Salta al contenuto

Girolamo Savonarola, vita e storia del profeta

Religioso, politico e predicatore appartenente all'ordine domenicano, venne scomunicato, impiccato e bruciato sul rogo per aver profetizzato sciagure per Firenze e per l'Italia

Marco Netri

Marco Netri

GIORNALISTA E IMPRENDITORE

Ho iniziato a scrivere da giovanissimo e ne ho fatto il mio lavoro. Dopo la laurea in Scienze Politiche e il Master in Giornalismo conseguiti alla Luiss, ho associato la passione per la scrittura a quello per lo studio dedicandomi per anni al lavoro di ricercatore. Oggi sono imprenditore di me stesso.

I numerosi testi di Savonarola, inseriti da papa Paolo IV nell’indice dei Libri Proibiti, furono riabilitati da Benedetto XIV nel 1740. Il 30 maggio 1997, in prossimità del quinto centenario della morte, l’Arcidiocesi di Firenze ha avviato la causa di beatificazione e canonizzazione, ma il nulla osta dalla Santa Sede – ad oggi – non è ancora stato concesso.

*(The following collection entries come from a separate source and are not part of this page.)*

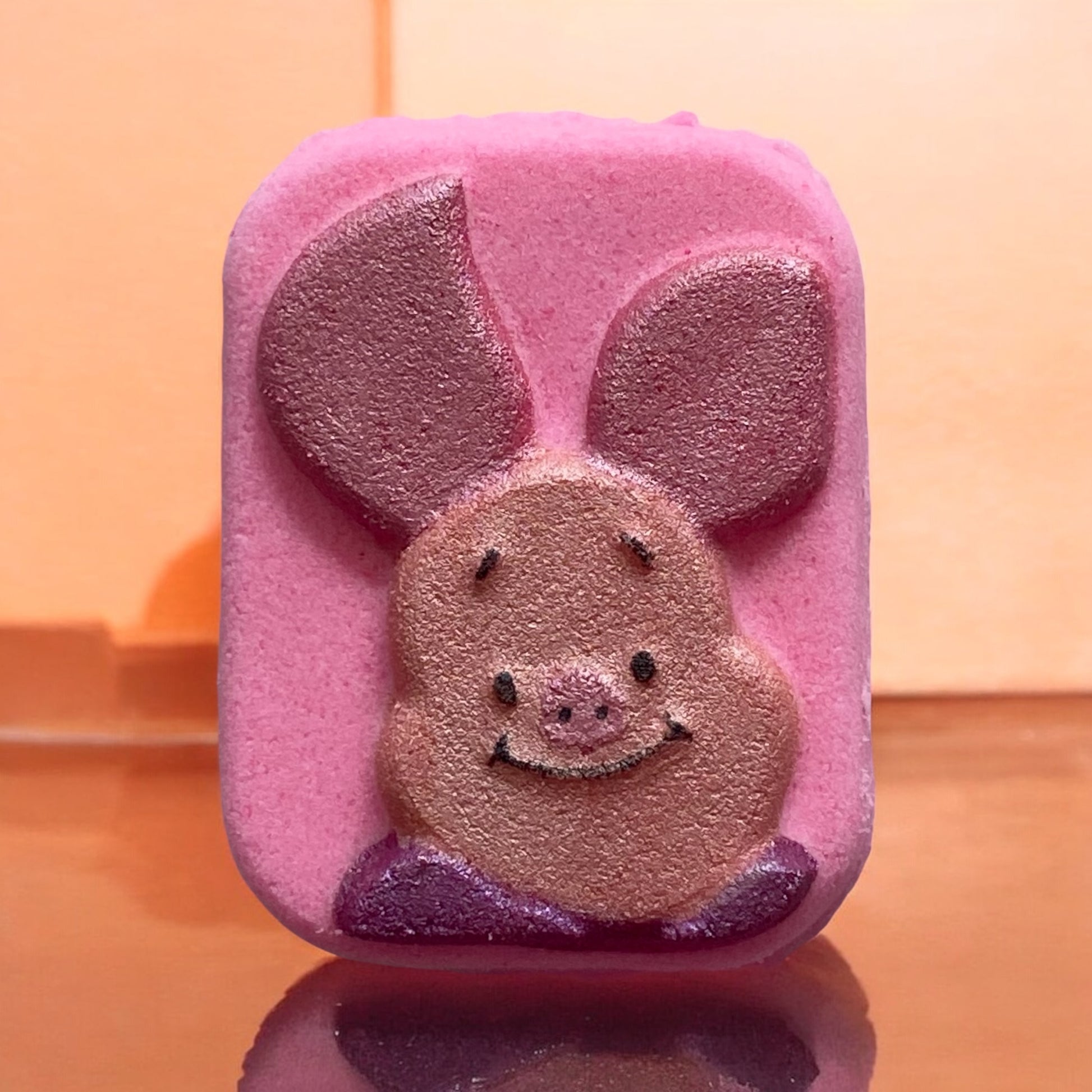 Piglet bath bomb. Hand painted shell with hidden color embeds and a sticker prize. Green blackberry leaves, rose petals and freshly picked berries. 2.6 oz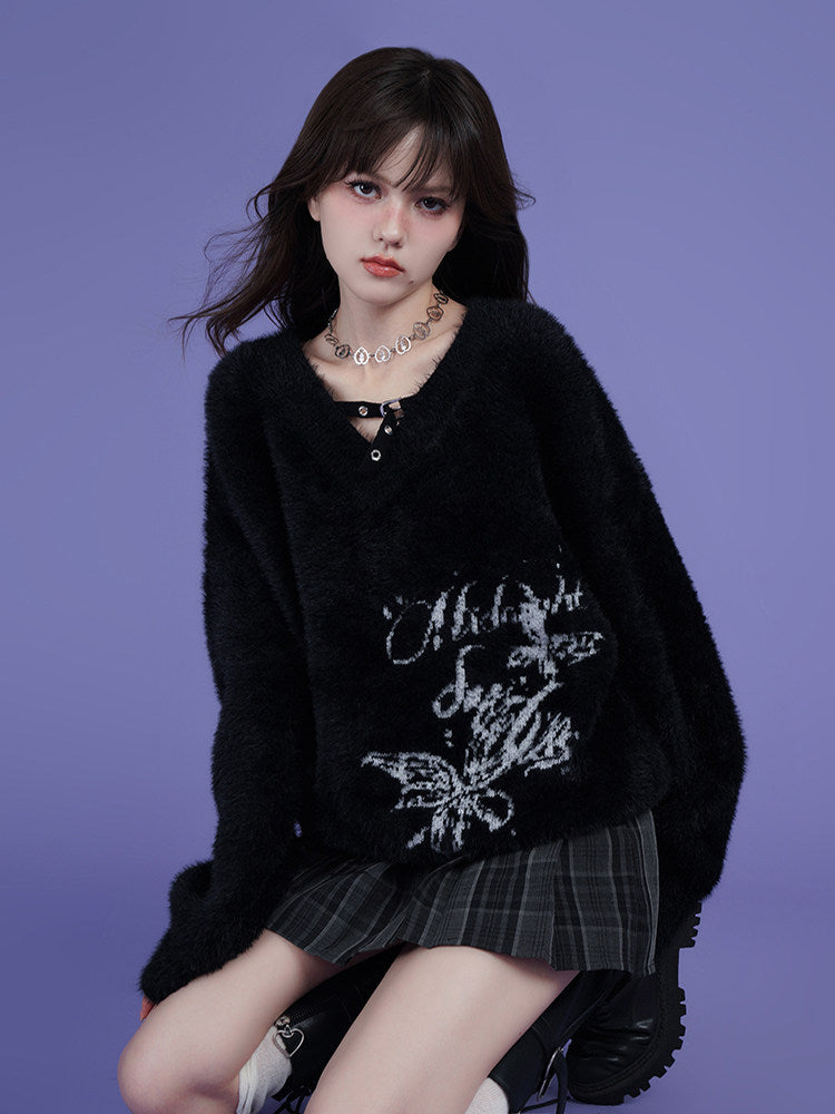 Butterfly Decor Mock Neck Autumn Winter Knit Sweater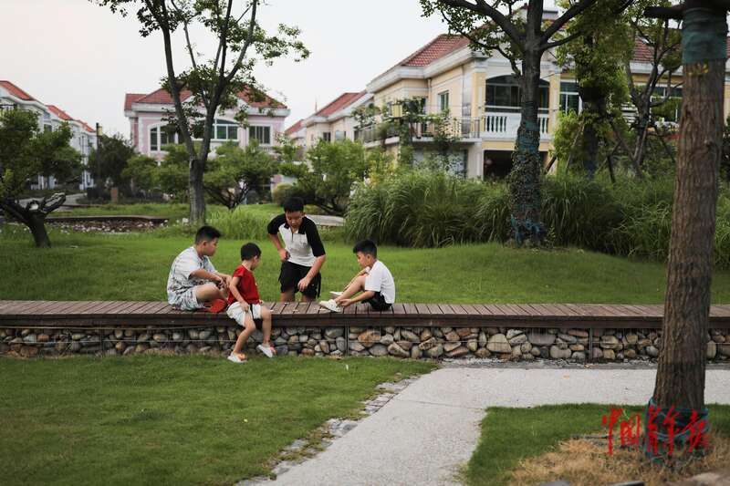 8月4日,浙江省杭州市萧山区瓜沥镇梅林村,几名小朋友在乡村公园中玩耍。中青报·中青网记者 孔斯琪/摄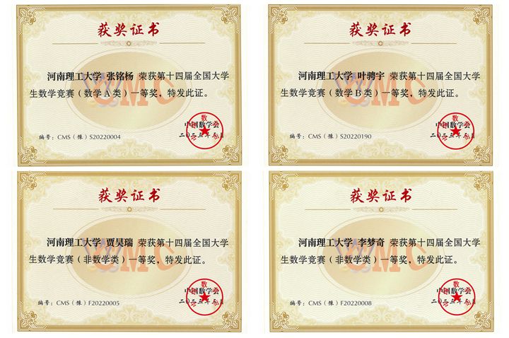 在前期数信学院的精心准备基础上,第十四届全国大学生数学竞赛初赛(第二批)于3月4日在我校举行,河南赛区复赛于3月18日在洛阳师范学院举行。本次竞赛初赛我校共有532名同学参加,含专业组(A\B)49人,非专业组483人。经过初赛和复赛激烈角逐,我校获奖学生中,数信学院2021级数学实验班张铭杨同学在专业A组以全省第四名的成绩入围国家决赛,数信学院2020级叶骋宇(专业B组)、安全学院2020级贾昊瑞(非专业组)、电气学院2020级李梦奇(非专业组)等3名同学同时入围国家决赛,取得我校近十年来最好成绩。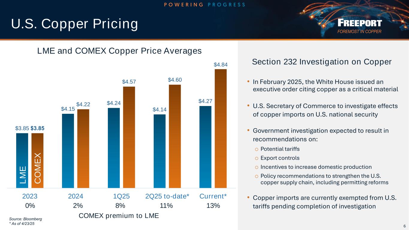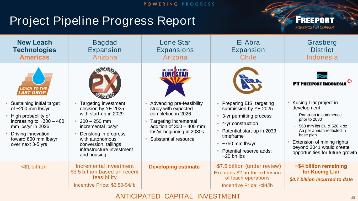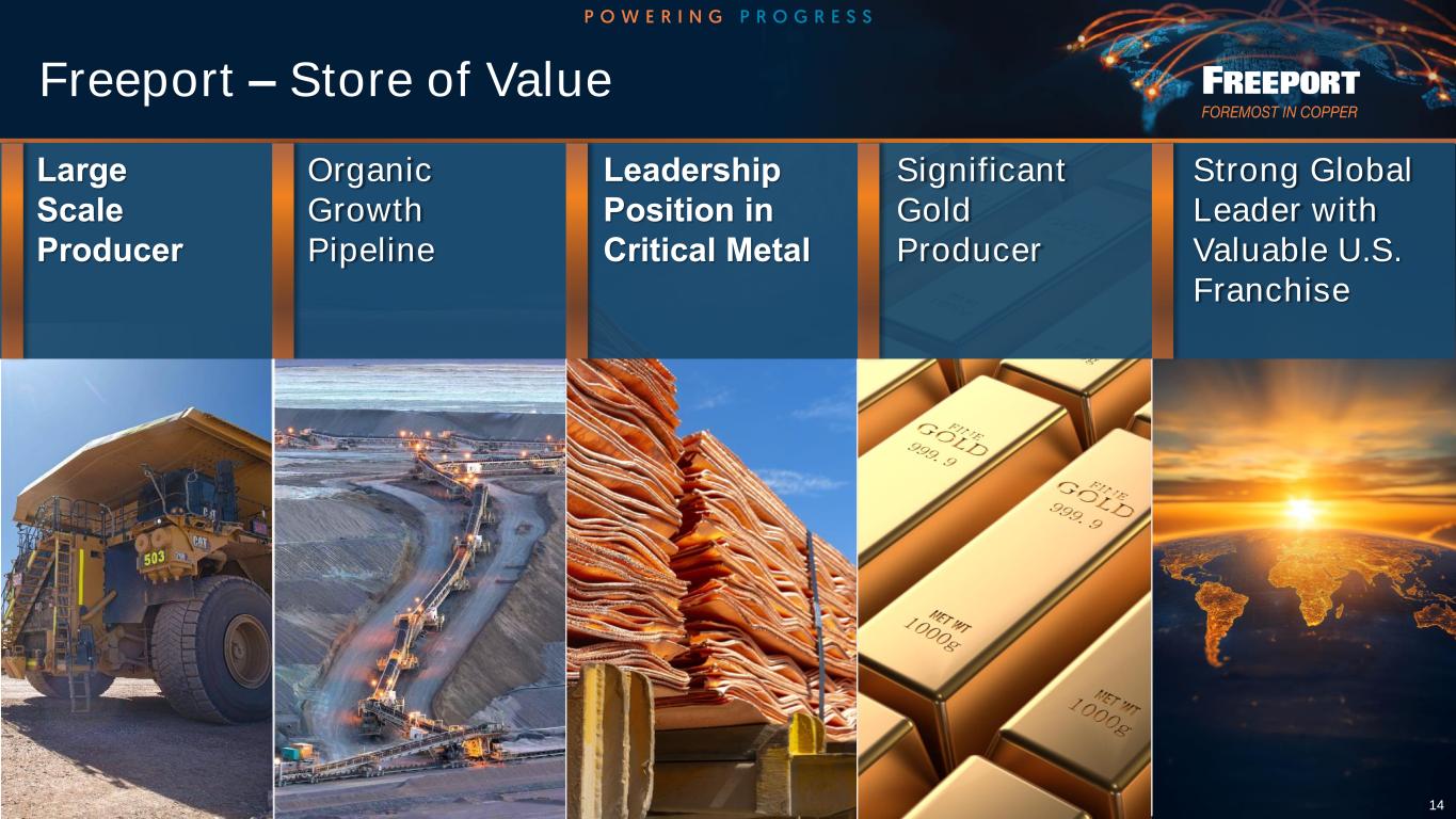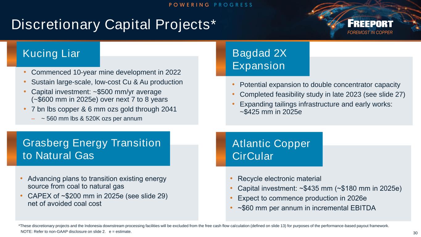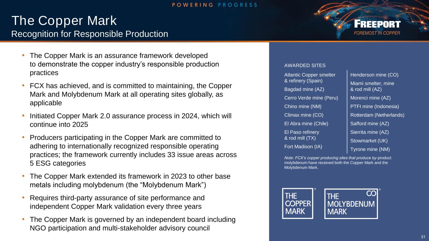 Cautionary Statement This presentation contains forward-looking statements in which FCX discusses its potential future performance, operations and projects. Forward-looking statements are all statements other than statements of historical facts, such as plans, projections or expectations relating to business outlook, strategy, goals or targets, and the underlying assumptions and estimated impacts on FCX’s business and stakeholders related thereto; global market conditions, including trade policies; ore grades and milling rates; production and sales volumes; unit net cash costs (credits) and operating costs; capital expenditures; operating plans, including mine sequencing; cash flows; liquidity; PT Freeport Indonesia’s (PTFI) remediation, commissioning and full ramp-up of its new smelter and full production and ramp-up at the precious metals refinery (PMR); potential extension of PTFI’s special mining business license (IUPK) beyond 2041; export licenses, export duties and export volumes, including PTFI’s ability to continue exports of copper concentrate until full ramp-up is achieved at its new smelter in Indonesia; timing of shipments of inventoried production; FCX’s sustainability-related commitments and targets; FCX’s overarching commitment to deliver responsibly produced copper and molybdenum, including plans to implement, validate and maintain validation of its operating sites under specific frameworks; achievement of FCX’s 2030 climate targets and its 2050 net zero aspiration; improvements in operating procedures and technology innovations and applications; exploration efforts and results; development and production activities, rates and costs; future organic growth opportunities; tax rates; the impact of copper, gold and molybdenum price changes; the impact of deferred intercompany profits on earnings; mineral reserve and mineral resource estimates; final resolution of settlements associated with ongoing legal and environmental proceedings; debt repurchases; and the ongoing implementation of FCX’s financial policy and future returns to shareholders, including dividend payments (base or variable) and share repurchases. The words “anticipates,” “may,” “can,” “plans,” “believes,” “estimates,” “expects,” “projects,” “targets,” “intends,” “likely,” “will,” “should,” “could,” “to be,” “potential,” “assumptions,” “guidance,” “aspirations,” “future,” “commitments,” “pursues,” “initiatives,” “objectives,” “opportunities,” “strategy” and any similar expressions are intended to identify those assertions as forward-looking statements. The declaration and payment of dividends (base or variable), and timing and amount of any share repurchases are at the discretion of the Board of Directors (Board) and management, respectively, and are subject to a number of factors, including not exceeding FCX’s net debt target, capital availability, FCX’s financial results, cash requirements, global economic conditions, changes in laws, contractual restrictions and other factors deemed relevant by the Board or management, as applicable. The share repurchase program may be modified, increased, suspended or terminated at any time at the Board’s discretion. FCX cautions readers that forward-looking statements are not guarantees of future performance and actual results may differ materially from those anticipated, expected, projected or assumed in the forward-looking statements. Important factors that can cause FCX’s actual results to differ materially from those anticipated in the forward-looking statements include, but are not limited to, supply of and demand for, and prices of the commodities FCX produces, primarily copper and gold; PTFI’s ability to export and sell or inventory copper concentrates through remediation and full ramp-up of its new smelter in Indonesia; changes in export duties and tariff rates; completion of remediation activities and achieving full ramp-up of the new smelter in Indonesia; full production and ramp-up at the PMR; production rates; timing of shipments; price and availability of consumables and components FCX purchases as well as constraints on supply and logistics, and transportation services; changes in cash requirements, financial position, financing or investment plans; changes in general market, economic, geopolitical, regulatory or industry conditions, including market volatility regarding trade policies and tariff uncertainty; reductions in liquidity and access to capital; changes in tax laws and regulations; political and social risks, including the potential effects of violence in Indonesia, civil unrest in Peru, and relations with local communities and Indigenous Peoples; operational risks inherent in mining, with higher inherent risks in underground mining; mine sequencing; changes in mine plans or operational modifications, delays, deferrals or cancellations, including the ability to smelt and refine or inventory; results of technical, economic or feasibility studies; potential inventory adjustments; potential impairment of long-lived mining assets; satisfaction of requirements in accordance with PTFI’s IUPK to extend mining rights from 2031 through 2041; process relating to the extension of PTFI’s IUPK beyond 2041; cybersecurity risks; any major public health crisis; labor relations, including labor-related work stoppages and increased costs; compliance with applicable environmental, health and safety laws and regulations; weather- and climate-related risks; environmental risks, including availability of secure water supplies; impacts, expenses or results from litigation or investigations; tailings management; FCX’s ability to comply with its responsible production commitments under specific frameworks and any changes to such frameworks and other factors described in more detail under the heading “Risk Factors” in FCX’s Annual Repo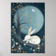 Affisch med en söt kanin som sover under månen och stjärnorna. Söt dekoration för ett vackert barnrum eller förlossningsavdelning. Illustration tillgänglig som tryck och nedladdningsbar fil.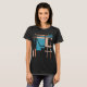 Featured is a geometric, contemporary, abstract art motif, composed of square and angular shapes and lines, somewhat like a labyrinth, in turquoise blue, coral and rust with taupe elements, inspired by the Mid-century Modern style. Pictured here on a black t-shirt, with other styles and colours available. This is a soft but polished and aophisticated, artistic design, which projects a dynamic but calming quality, a versatile and classy addition to your casual and everyday wear (whether at home, socializing with friends, playing sports, or running about town). The shirt design as "wearable art" also expresses a sense of your individualized style, contributing to a feeling of being "together" and creative in your personal wardrobe choices.

Chi era Girolamo Savonarola

Girolamo Maria Francesco Matteo Savonarola nacque a Ferrara il 21 settembre 1452, terzo dei sette figli avuti dal mercante Niccolò e da Elena Bonacolsi, discendente della nobile famiglia in passato a capo della Signoria di Mantova. Fu, però, il nonno paterno Michele, originario di Padova e trasferitosi nella città emiliana per svolgere il ruolo di archiatra del marchese Niccolò III d’Este, a prendersi cura della prima educazione di Girolamo, insegnandogli la grammatica e la musica. Alla morte del nonno, il padre Niccolò lo indirizzò nello studio delle arti liberali, e conseguì il titolo di maestro, ma a soli 18 anni abbandonò quelli di medicina. Appassionato dapprima dei ‘Dialoghi’ di Platone, poi di aristotelismo e tomismo, Savonarola si dedicò alla teologia, coltivando la passione per i componimenti poetici: già nel 1472 scrisse la canzone ‘De ruina mundi’, nella quale comparvero per la prima volta i temi delle sue future predicazioni, mentre tre anni più tardi, in ‘De ruina Ecclesiae’, paragonò la Roma papale all’antica e corrotta Babilonia. Nonostante ciò, il 24 aprile dello stesso anno – ascoltando le parole di un predicatore nella chiesa di Sant’Agostino a Faenza – sentì la vocazione, abbandonò la famiglia ed entrò nel convento di San Domenico a Bologna. Alla base della sua decisione, con tutta probabilità, ci fu un senso di disillusione causato dalla decadenza dei costumi. Due giorni più tardi ricevette l’abito di novizio, l’anno seguente i voti, il 21 settembre 1476 fu nominato suddiacono e il 1° maggio 1477 diacono. Inviato prima a Ferrara e poi a Reggio Emilia, il 28 aprile 1482 divenne quindi lettore nel convento fiorentino di San Marco con il compito di esporre le Scritture, ma il pulpito di San Lorenzo assegnatogli nella quaresima del 1484 fu tutt’altro che un successo, a causa del suo accento romagnolo poco gradito dai fedeli della città medicea. L’anno seguente, mandato a San Gimignano, iniziò le sue famose ‘predicazioni profetiche’: parlò di una Chiesa cattolica che doveva essere “flagellata e rinnovata“, anche a causa dei suoi cattivi pastori, e denunciò le efferatezze degli uomini (come omicidi, lussuria, sodomia, idolatria, credenze astrologiche, simonia, disprezzo per i santi e poca fede), oltre all’evidenza di presagi, segno di prossime sventure. Nel 1487 ottenne la prestigiosa nomina di maestro nello Studium generale di San Domenico a Bologna quindi, un anno dopo, tornò a Ferrara.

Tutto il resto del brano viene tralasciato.